<<<<
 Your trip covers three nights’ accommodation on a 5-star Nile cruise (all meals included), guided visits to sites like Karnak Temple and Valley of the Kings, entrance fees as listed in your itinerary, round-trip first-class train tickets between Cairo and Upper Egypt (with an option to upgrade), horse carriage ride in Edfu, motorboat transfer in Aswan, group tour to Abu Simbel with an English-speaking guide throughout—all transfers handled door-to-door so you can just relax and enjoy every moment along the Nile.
>>>>
<<<<
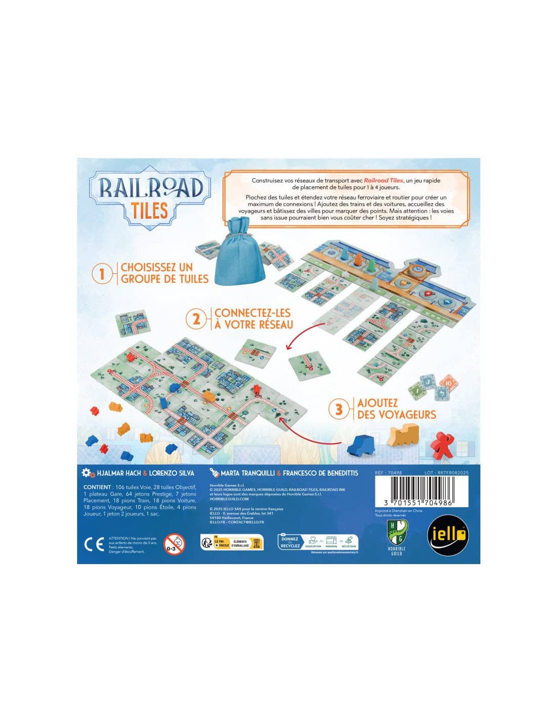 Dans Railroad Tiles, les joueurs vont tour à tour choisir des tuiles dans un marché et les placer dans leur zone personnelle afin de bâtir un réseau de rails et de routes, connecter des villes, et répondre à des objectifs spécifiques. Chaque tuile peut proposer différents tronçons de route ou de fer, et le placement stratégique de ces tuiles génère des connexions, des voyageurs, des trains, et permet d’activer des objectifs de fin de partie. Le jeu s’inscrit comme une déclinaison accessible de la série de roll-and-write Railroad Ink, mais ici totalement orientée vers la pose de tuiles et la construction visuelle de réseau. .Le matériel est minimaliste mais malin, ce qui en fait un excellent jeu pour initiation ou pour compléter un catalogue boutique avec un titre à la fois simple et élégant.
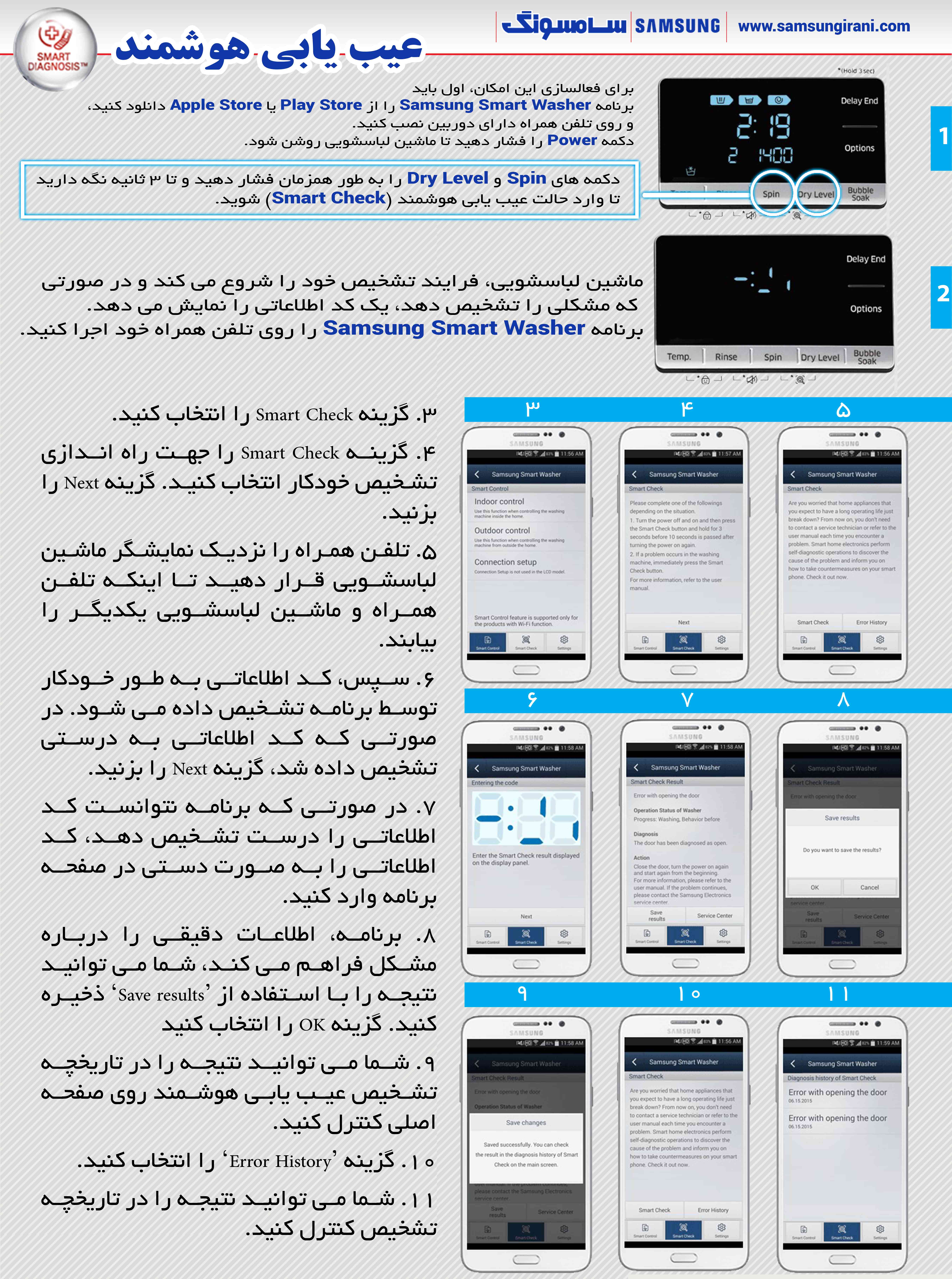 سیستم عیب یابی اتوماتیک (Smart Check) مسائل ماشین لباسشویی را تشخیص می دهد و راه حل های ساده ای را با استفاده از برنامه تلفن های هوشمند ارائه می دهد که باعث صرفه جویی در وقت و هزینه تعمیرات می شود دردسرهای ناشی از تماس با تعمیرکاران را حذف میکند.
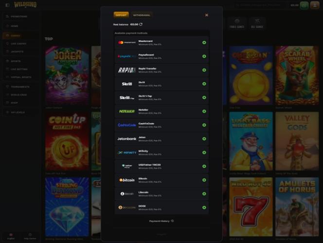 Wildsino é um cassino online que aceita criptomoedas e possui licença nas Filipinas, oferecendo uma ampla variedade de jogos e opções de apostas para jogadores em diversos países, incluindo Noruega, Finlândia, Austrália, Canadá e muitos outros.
>>>>
→ **DESCRIPTION OF THE TASK**
When you reach the line with "سیستم عیب یابی" in the records above, begin repeating the lines exactly, and stop after the line with "Wildsino é um". Skip all pictures.

→ **ANSWER TO THE EXERCISE**
 سیستم عیب یابی اتوماتیک (Smart Check) مسائل ماشین لباسشویی را تشخیص می دهد و راه حل های ساده ای را با استفاده از برنامه تلفن های هوشمند ارائه می دهد که باعث صرفه جویی در وقت و هزینه تعمیرات می شود دردسرهای ناشی از تماس با تعمیرکاران را حذف میکند.
 Wildsino é um cassino online que aceita criptomoedas e possui licença nas Filipinas, oferecendo uma ampla variedade de jogos e opções de apostas para jogadores em diversos países, incluindo Noruega, Finlândia, Austrália, Canadá e muitos outros.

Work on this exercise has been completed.